Feature Selection and Dimensionality Reduction

The main goal of pattern classification is to classify a set of patterns, objects of interest each described by $d$ features represented as a d-dimensional vector ${\bf x}=[x_1,\cdots,x_d]^T$ in the feature space, into one of some $K$ classes $\{C_1,\cdots, C_K\}$. In supervised classification, we are to partition the feature space into $K$ regions each corresponding to one of the classes based on the provided training set ${\cal D}=\{{\bf X},{\bf y}\}$, of which each training sample in ${\bf X}=[{\bf x}_1,\cdots,{\bf x}_N]$ is labeled by the corresponding component in ${\bf y}=[y_1,\cdots,y_N]^T$. For example, if $y_n=\{1,2,\cdots,K\}$, then ${\bf x}_n\in C_{y_n}$. However, different types of labeling can be used depending on the specific classification algorithms, such as binary labeling used in certain regression algorithms considered previously.

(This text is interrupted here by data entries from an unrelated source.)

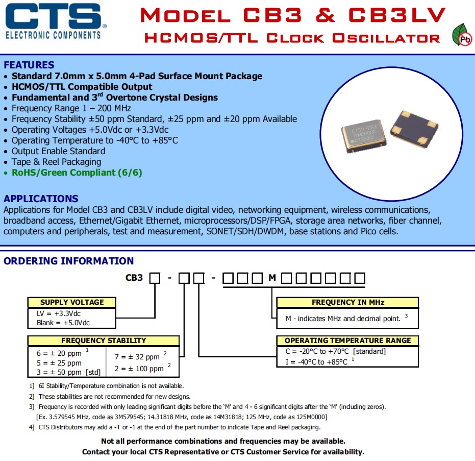 | CB3LV-3C-50M0000 | CTS晶振 | CB3LV | 50MHz | ±50ppm | 4-SMD, No Lead |
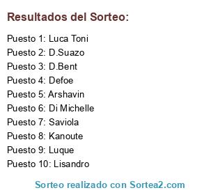 Lista de participantes: Defoe, Saviola, D.Suazo, Luca Toni, Arshavin, Lisandro, Luque, D.Bent, Di Michelle, Kanoute.
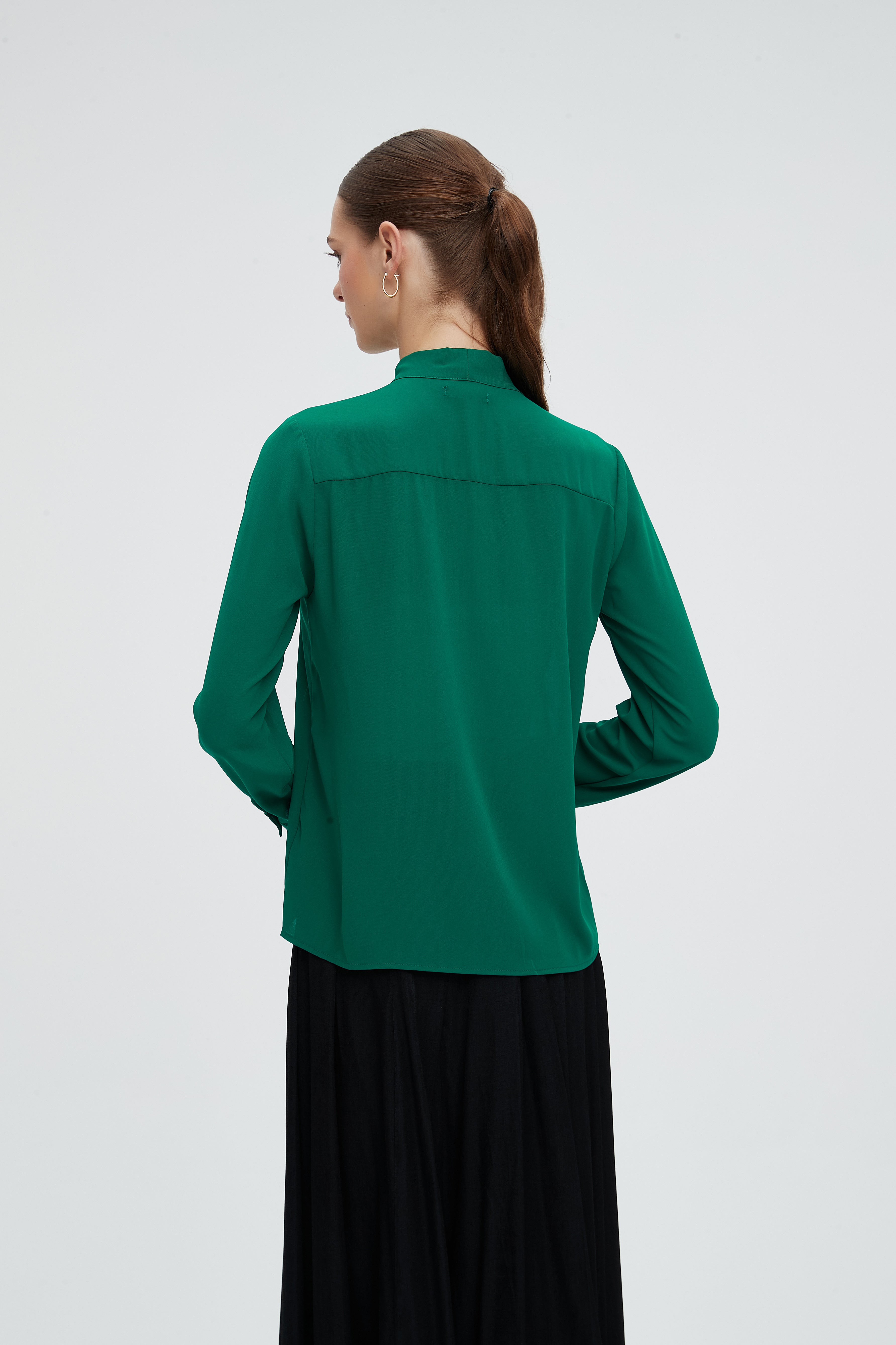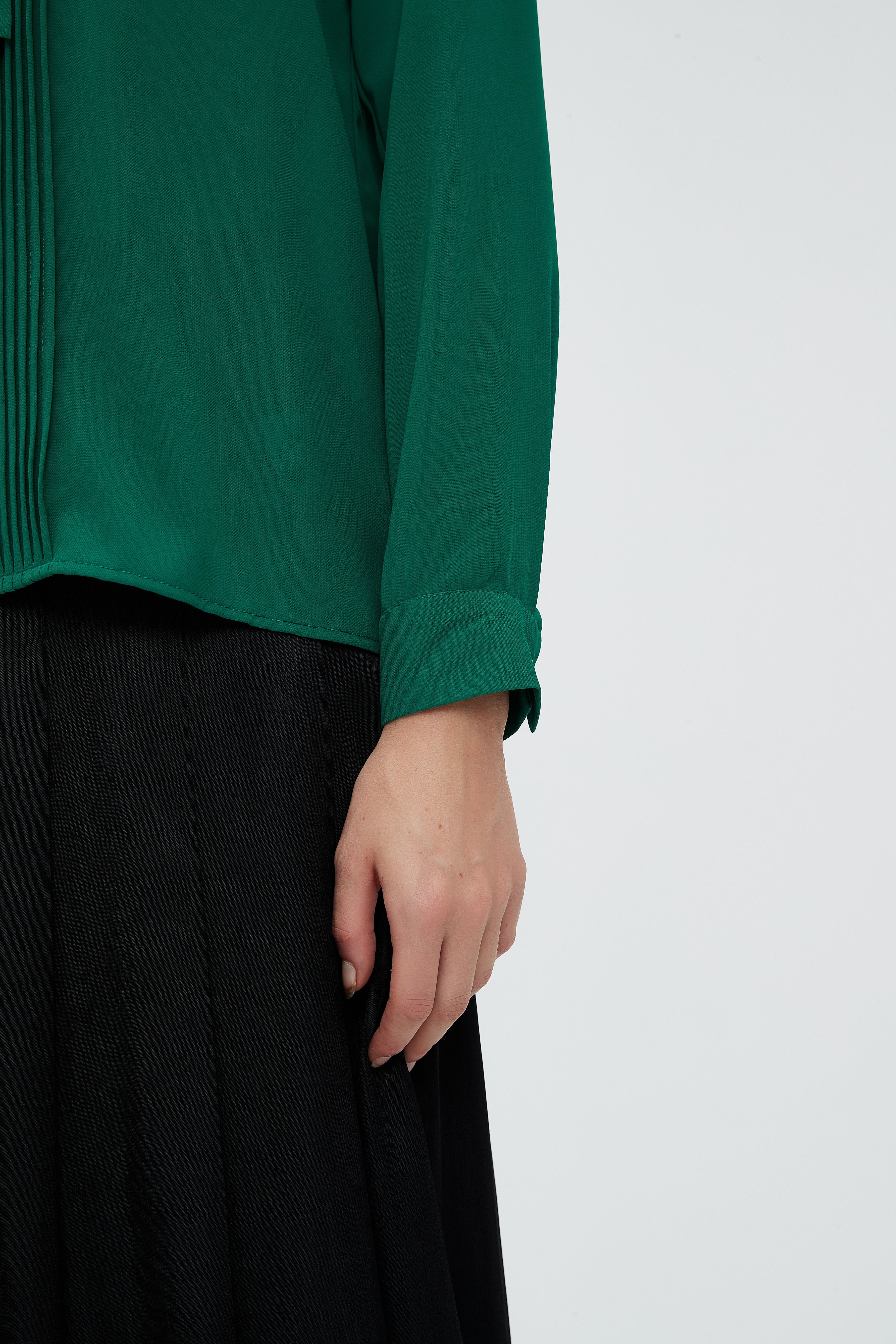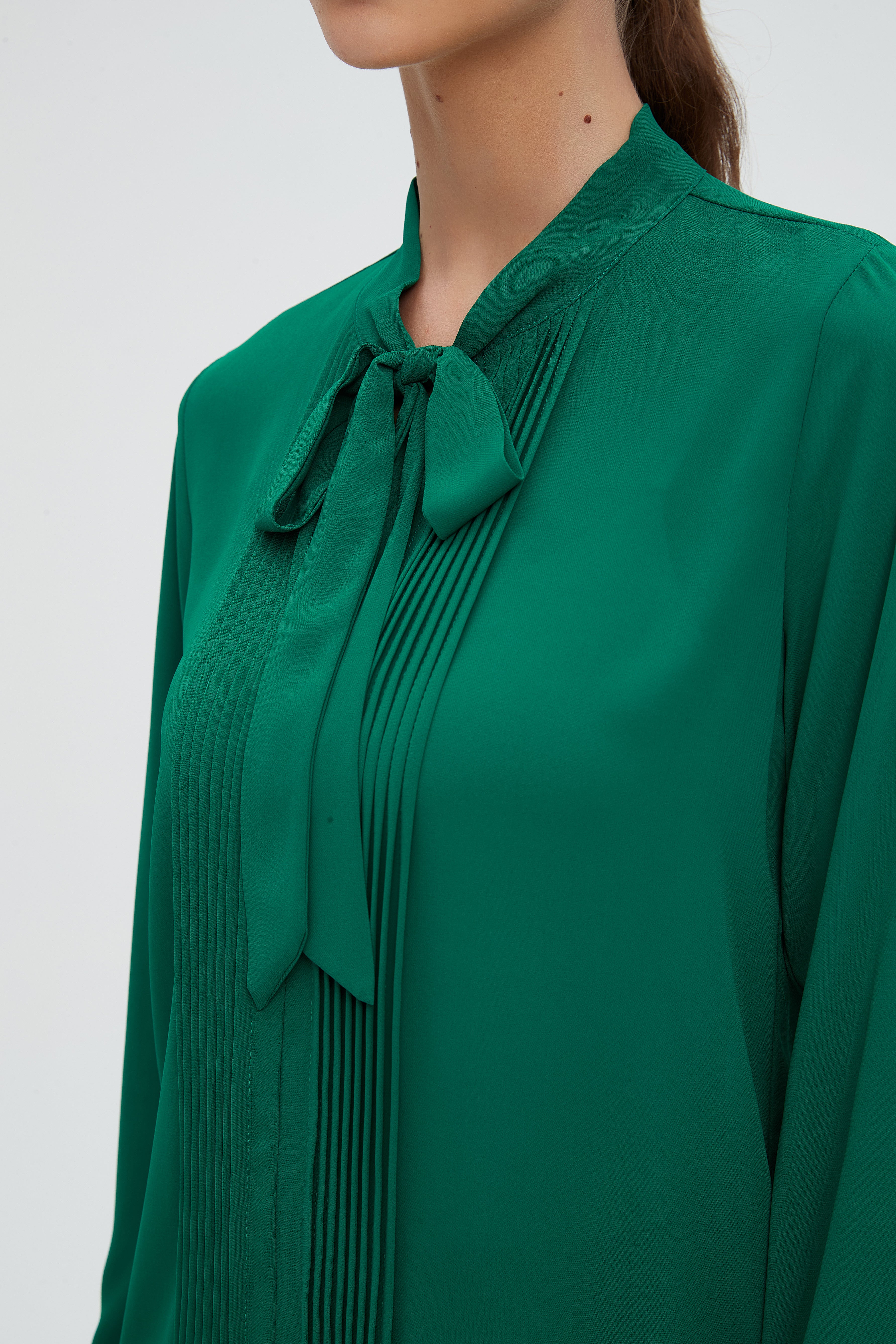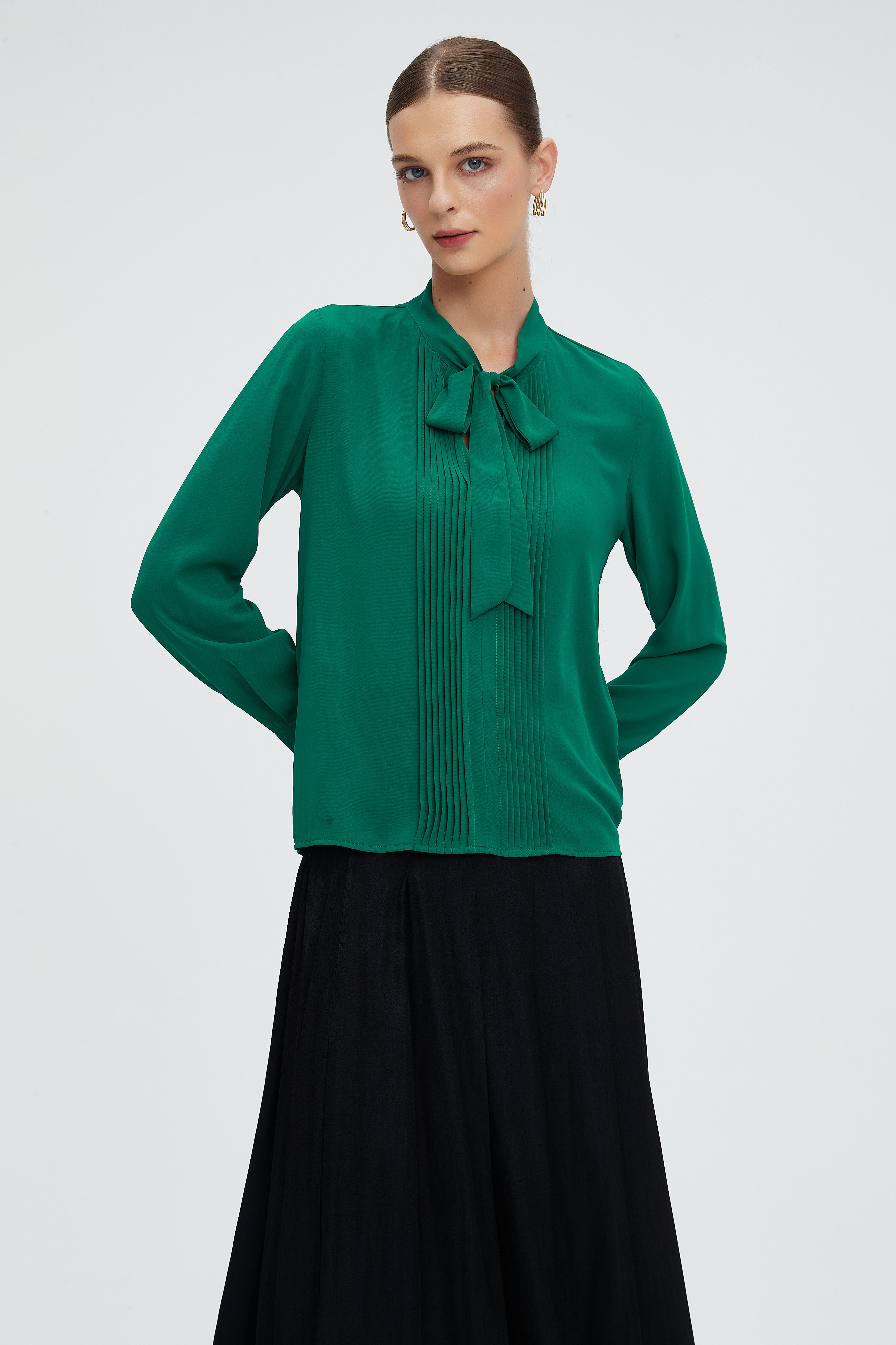 بلوزة سادة بكسرات أمامية وربطة عنق بأكمام طويلة

When the dimensionality $d$ of the feature space is high, there is the need to reduce it significantly to $d'\ll d$ while still maintaining most of the information relevant to the task of classification, i.e., the separability of the classes. This is called feature selection, which can be done by either selecting $d'$ features directly from the $d$ original ones (there are $C_d^{d'}=d!/d'!(d-d')!$ ways to do so), or generating $d'$ new features as certain linear combinations of the $d$ original ones. In either case, the separability of the data are to be maximally maintained in the resulting space spanned by the $d'$ features, so that the classification can be carried out both efficiently and effectively in the much lower dimensional feature space.